The Best (and Worst) Lame & Dodgy Dad Jokes 👋

Prepare for some lame & dodgy dad jokes that are so cringey, they’re actually hilarious! These jokes feature the cheesiest puns, awkward punchlines, and the kind of dad humor that makes you laugh despite yourself. Whether you love groaning or just enjoy a good eye-roll, our lame & dodgy dad jokes will deliver the perfect blend of silliness and charm. Explore the most delightfully awkward dad jokes that are sure to entertain!

Why can't a nose be 12 inches long? Because then it would be a foot.'

The pony couldn't sing because it was a little horse.

I think my wife is putting glue on my antique guns collection. She denies it but I'm sticking to my guns.

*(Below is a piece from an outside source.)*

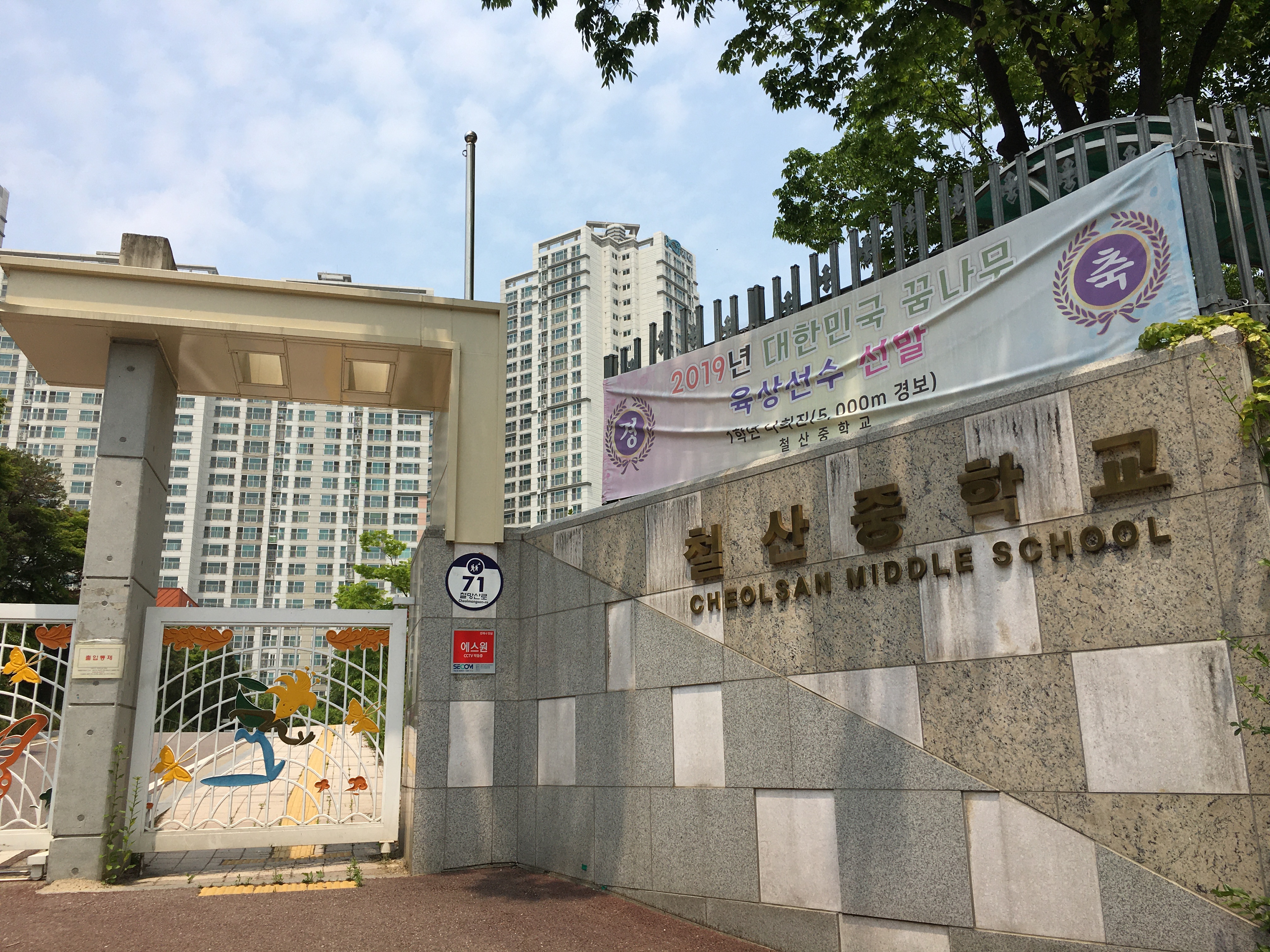 대형 마트 세이브존과 아까 철산래미안자이에 봤던 철산중학교 앞을 지났다.

What did one wall say to the other?' 'I'll meet you at the corner.'

I'm so good at sleeping, I can do it with my eyes closed!'

What do you call a typo on a headstone? A grave mistake.

My ex and I had a very amicable divorce. I know this because when I posted on Facebook, 'I’m getting a divorce,' she was the first one to like it.

Why shouldn't you tell an egg a joke? It'll crack up.

Does anybody know where a guy can find a person to hang out with, talk to, and enjoy spending time with? I'm just asking for a friend.

Stop looking for the perfect match; use a lighter.

A magician was walking down the street — then he turned into a store.

I went to the zoo and saw a baguette in a cage. The zookeeper said it was bread in captivity.

I came up with a get rich quick scheme to sell Indian sourdough bread you bake at home ...but it turned out that plan was a Naan starter.

Apparently there’s a battle for the rights to Star Wars aftershave. It’s “The Cologne Wars.”

When you have a pillow fight with a memory foam pillow, that's a pillow fight you'll never forget.